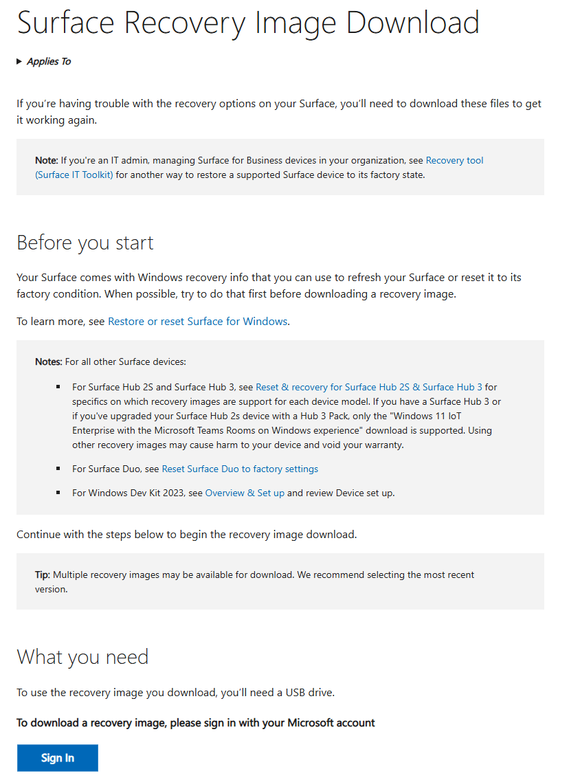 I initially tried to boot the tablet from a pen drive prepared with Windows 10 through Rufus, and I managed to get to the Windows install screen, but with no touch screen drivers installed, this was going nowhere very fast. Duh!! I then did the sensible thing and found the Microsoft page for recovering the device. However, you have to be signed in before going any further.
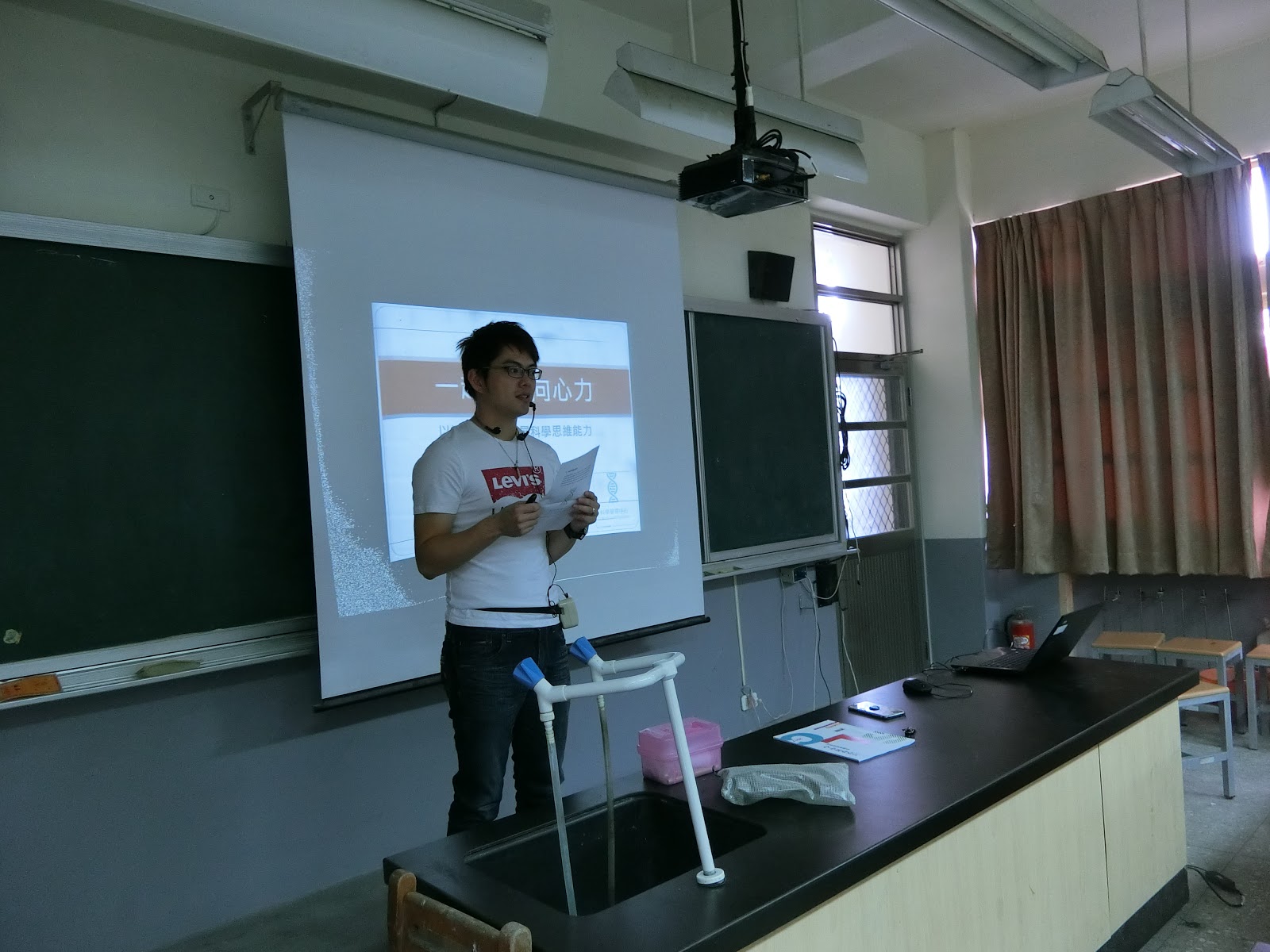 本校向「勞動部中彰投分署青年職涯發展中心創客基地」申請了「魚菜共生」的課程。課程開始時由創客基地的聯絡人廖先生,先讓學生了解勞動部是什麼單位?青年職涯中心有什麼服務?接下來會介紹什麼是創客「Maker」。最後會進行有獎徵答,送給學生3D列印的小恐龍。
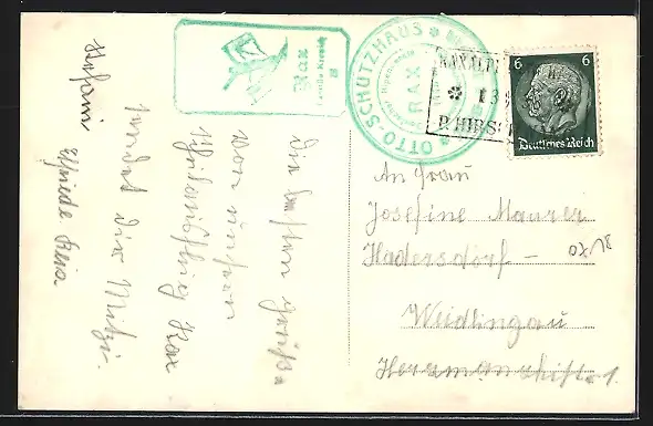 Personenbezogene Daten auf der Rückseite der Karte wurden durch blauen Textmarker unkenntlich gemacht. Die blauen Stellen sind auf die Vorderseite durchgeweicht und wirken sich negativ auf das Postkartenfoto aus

--

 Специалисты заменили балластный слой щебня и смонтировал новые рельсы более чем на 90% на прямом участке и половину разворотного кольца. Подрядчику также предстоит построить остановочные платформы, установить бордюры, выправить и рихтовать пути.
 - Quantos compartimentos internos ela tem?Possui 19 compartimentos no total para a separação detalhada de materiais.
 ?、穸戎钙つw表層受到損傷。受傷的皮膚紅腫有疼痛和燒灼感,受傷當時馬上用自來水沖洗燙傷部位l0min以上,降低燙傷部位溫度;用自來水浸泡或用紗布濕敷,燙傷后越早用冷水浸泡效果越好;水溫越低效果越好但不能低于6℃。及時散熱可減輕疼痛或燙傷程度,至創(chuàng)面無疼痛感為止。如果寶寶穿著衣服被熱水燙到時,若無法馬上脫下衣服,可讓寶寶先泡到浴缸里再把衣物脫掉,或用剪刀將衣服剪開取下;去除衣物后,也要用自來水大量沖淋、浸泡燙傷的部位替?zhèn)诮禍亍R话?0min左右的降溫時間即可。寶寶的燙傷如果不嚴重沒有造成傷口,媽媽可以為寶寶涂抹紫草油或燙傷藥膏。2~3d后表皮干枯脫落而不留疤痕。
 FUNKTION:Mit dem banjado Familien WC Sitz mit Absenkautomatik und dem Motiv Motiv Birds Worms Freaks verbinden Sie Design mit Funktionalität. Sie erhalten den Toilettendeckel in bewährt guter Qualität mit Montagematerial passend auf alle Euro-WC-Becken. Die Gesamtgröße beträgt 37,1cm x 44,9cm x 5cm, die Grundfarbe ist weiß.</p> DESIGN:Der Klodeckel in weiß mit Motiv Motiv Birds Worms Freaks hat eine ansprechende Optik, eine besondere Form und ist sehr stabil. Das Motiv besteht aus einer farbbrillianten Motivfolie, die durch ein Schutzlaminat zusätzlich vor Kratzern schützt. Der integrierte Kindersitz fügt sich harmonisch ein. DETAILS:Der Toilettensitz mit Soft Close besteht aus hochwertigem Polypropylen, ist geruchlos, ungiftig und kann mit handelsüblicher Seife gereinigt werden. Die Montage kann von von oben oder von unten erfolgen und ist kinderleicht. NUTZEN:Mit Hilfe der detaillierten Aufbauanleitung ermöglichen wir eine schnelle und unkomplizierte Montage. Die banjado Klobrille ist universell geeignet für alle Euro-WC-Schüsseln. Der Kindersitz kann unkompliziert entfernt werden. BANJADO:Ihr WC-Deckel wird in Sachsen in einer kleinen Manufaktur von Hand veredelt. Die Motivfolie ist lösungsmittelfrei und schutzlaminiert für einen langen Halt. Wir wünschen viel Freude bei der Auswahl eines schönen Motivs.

= Goal of the exercise =
From the records above, return exactly the lines running from the one that contains "I initially tried" down to the one that contains "Personenbezogene Daten auf", both included, without any pictures.

= Task answer =
 I initially tried to boot the tablet from a pen drive prepared with Windows 10 through Rufus, and I managed to get to the Windows install screen, but with no touch screen drivers installed, this was going nowhere very fast. Duh!! I then did the sensible thing and found the Microsoft page for recovering the device. However, you have to be signed in before going any further.
 本校向「勞動部中彰投分署青年職涯發展中心創客基地」申請了「魚菜共生」的課程。課程開始時由創客基地的聯絡人廖先生,先讓學生了解勞動部是什麼單位?青年職涯中心有什麼服務?接下來會介紹什麼是創客「Maker」。最後會進行有獎徵答,送給學生3D列印的小恐龍。
 Personenbezogene Daten auf der Rückseite der Karte wurden durch blauen Textmarker unkenntlich gemacht. Die blauen Stellen sind auf die Vorderseite durchgeweicht und wirken sich negativ auf das Postkartenfoto aus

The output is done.